Today’s selection: The Body of the Prey (1968, dir. Kenneth Crane)
Available from: Public domain
- This movie might not technically be considered Japanese, depending on circumstances
- Reposting from an old review:
The Body of the Prey is also known as “The Venus Flytrap”, “The Devil Garden”, ”Akuma no Niwa” and, most commonly, “The Revenge of Doctor X”, so I’m really not sure what title to use here. You see, the movie never got a theatrical run; it wasn’t released to audiences until a public-domain version materialized on home video, seventeen years after its completion, with credits replaced by those for the unrelated Doctor of Blood Island. Considering that we’re talking about a movie written by the inimitable Edward D Wood Jr, I’d say this qualifies as a success story.

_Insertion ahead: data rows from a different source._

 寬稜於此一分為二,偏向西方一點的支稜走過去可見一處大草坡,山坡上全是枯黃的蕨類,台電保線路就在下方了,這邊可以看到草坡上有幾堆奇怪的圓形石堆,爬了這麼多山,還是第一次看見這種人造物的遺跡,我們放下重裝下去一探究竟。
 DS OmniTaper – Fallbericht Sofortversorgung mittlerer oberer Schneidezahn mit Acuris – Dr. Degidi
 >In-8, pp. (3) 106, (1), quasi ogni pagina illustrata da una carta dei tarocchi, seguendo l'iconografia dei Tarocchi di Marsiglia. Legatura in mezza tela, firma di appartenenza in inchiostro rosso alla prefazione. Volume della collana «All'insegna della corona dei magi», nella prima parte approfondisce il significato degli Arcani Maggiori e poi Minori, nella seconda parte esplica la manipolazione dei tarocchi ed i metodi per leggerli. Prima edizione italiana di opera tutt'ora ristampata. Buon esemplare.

There’s a lot of misinformation about the film (little wonder with a ton of titles coupled with decades of obscurity), but from what I understand it was made in large part by American military affiliates stationed in Japan. In fact, I suspect that I might have some facts wrong already, so I’ll just shut up about the movie’s mysterious origins and just talk about what actually shows up on screen.

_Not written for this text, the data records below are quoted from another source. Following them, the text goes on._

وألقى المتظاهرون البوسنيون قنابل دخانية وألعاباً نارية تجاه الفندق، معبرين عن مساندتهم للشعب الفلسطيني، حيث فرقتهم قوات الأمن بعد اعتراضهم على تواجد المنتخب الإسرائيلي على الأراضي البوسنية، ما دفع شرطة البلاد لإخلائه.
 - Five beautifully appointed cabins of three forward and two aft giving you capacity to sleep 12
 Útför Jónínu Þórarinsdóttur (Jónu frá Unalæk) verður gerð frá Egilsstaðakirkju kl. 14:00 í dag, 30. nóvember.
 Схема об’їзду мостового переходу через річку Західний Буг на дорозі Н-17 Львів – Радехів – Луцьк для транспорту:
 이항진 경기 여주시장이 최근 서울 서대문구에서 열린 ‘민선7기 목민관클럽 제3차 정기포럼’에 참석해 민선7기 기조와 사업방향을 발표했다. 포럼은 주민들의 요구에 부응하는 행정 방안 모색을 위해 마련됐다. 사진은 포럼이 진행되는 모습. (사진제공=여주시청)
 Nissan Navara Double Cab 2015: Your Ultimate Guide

NASA scientist Dr. Bragan (James Craig) suffers a meltdown after an overdose of workahol, so his doctor advises him to take a vacation to Japan for some R&R, even offering to let him stay with his cousin. Like any scientist, Bragan quickly finds himself obsessed over another academic project: cross-breeding the world’s most dangerous varieties of venus flytraps and teaching their offspring to crave human blood. (Okay, maybe NASA should cut back on employee sabbatical.) The product of his research, Insectivorus, is brought to life by lightning and looks like a Kamen Rider villain. If the Frankenstein parallels weren’t strong enough there, the monster also torments Bragan’s hunchbacked assistant and gets hunted down by an angry, torch-wielding mob of angry villagers.

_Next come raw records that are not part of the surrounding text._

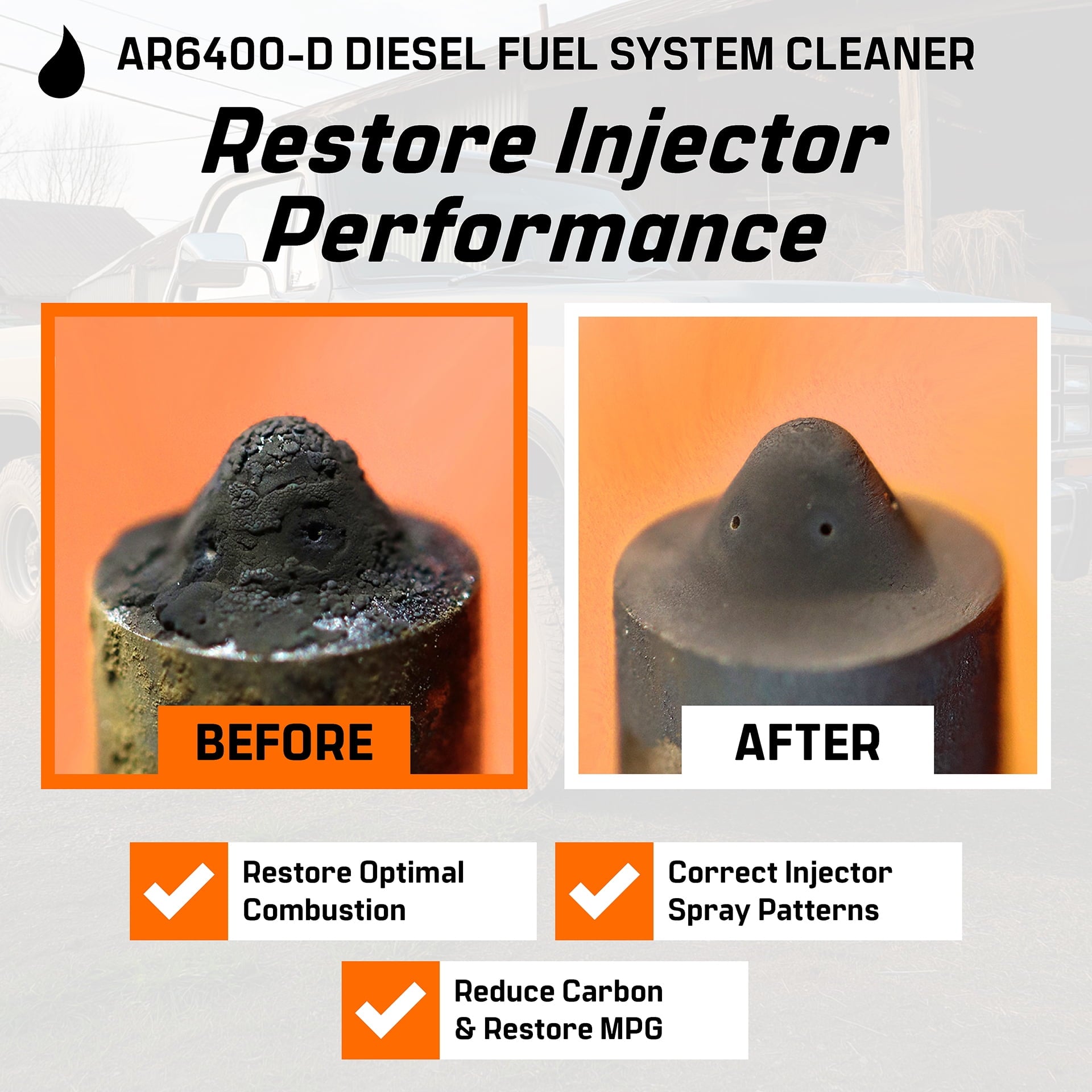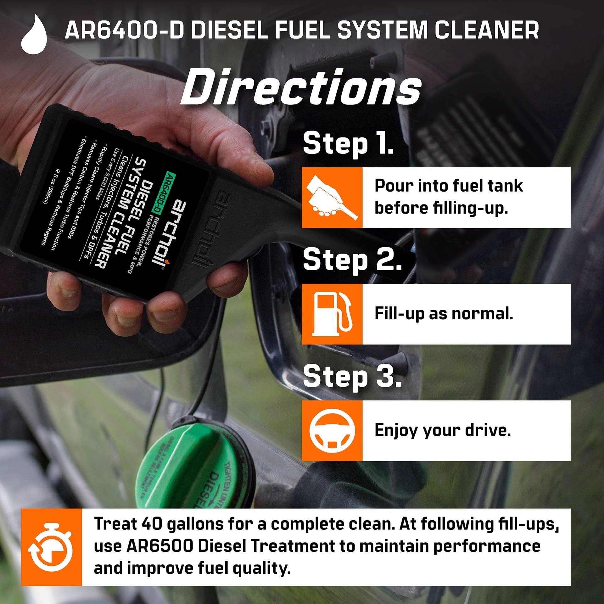 Archoil AR6400-D Diesel Fuel System Cleaner rapidly cleans injectors, the turbo & DPF to restore power, performance and MPG. Experience restored performance, improved fuel economy and smoother idling as a result of cleaning the fuel system with AR6400-D. Follow up with AR6500 Diesel treatment at every fill-up to continue cleaning and increase cetane for more power.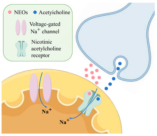 - Costas-Ferreira, C.; Faro, L.R.F. Neurotoxic effects of neonicotinoids on mamma1s what is there beyond the activation of nicotinic acety1cho1ine receptors a systematic review. Int. J. Mol. Sci. 2021, 22, 8413. [Google Scholar] [CrossRef]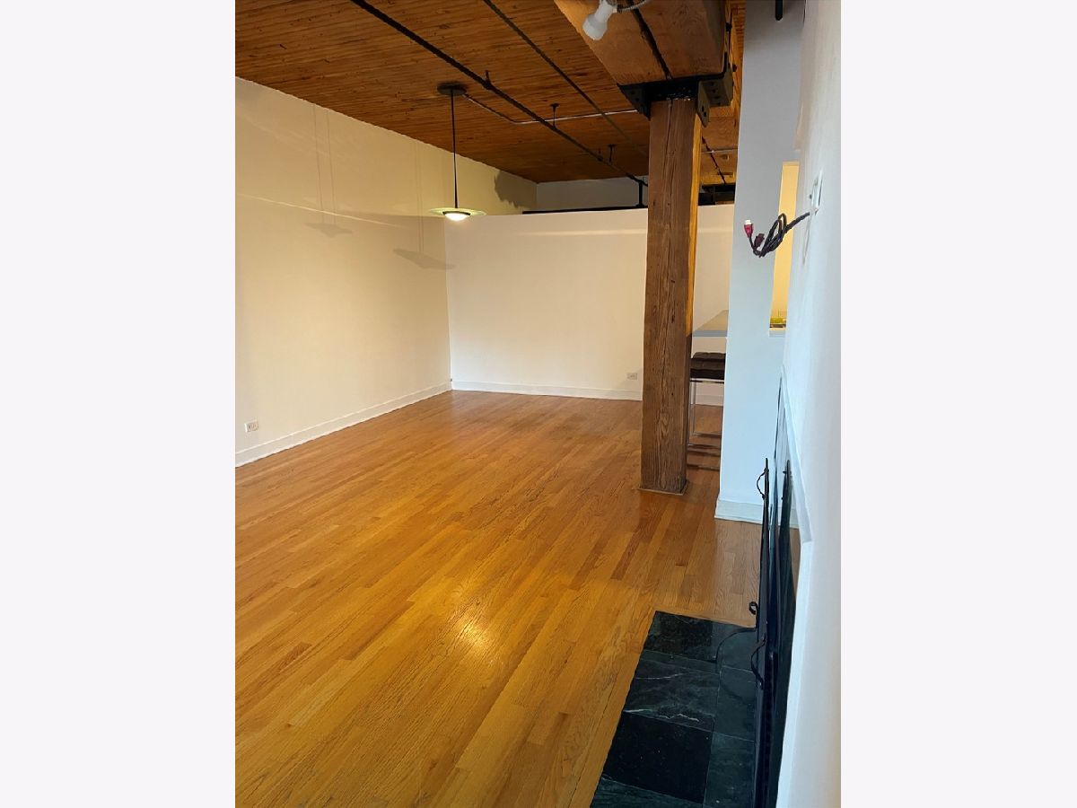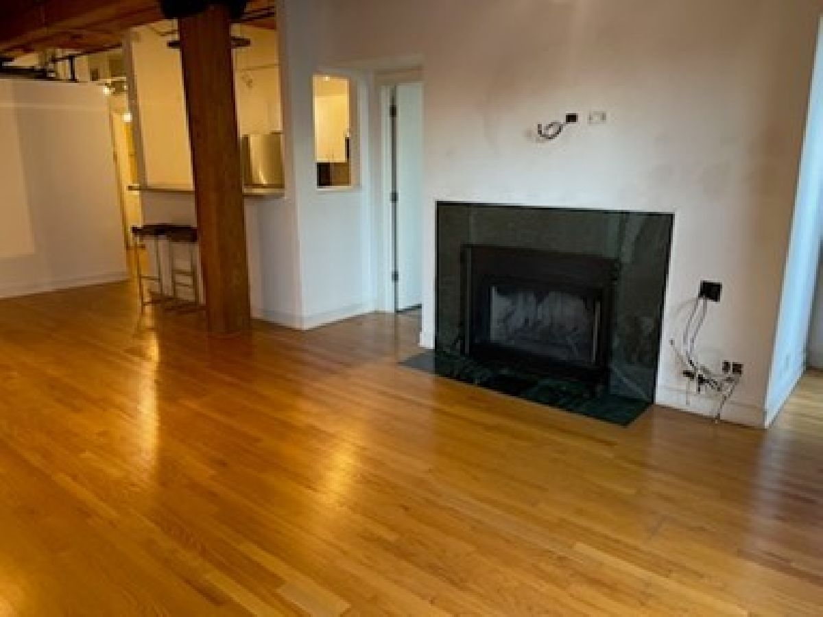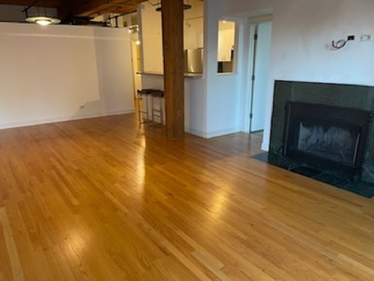 Fabulous opportunity to rent in a exceptional condominium River North loft building. 2 bedroom, 2 bath with hardwood floors, fireplace, well equipped kitchen with breakfast bar, in-unit laundry. Brand new bedroom carpeting. Also includes 1 indoor parking space & storage locker. Building features 24 hour doorman, cleaners, roof top deck with BBQ's, workout room and bike room. No cats.

The end product is, in my opinion, on the upper-end of the spectrum for public domain creature features, and wouldn’t have been out of place had it reached theaters in its own time (or perhaps a few years earlier). The fact that it’s shot in color and contains quite a bit of nudity demonstrates a shift from 50’s –style American monster movies, while this sort of really cheap kaijin wouldn’t become popular in Japan until the superhero boom in the 70’s. Perhaps it just got lost in the between-period shuffle.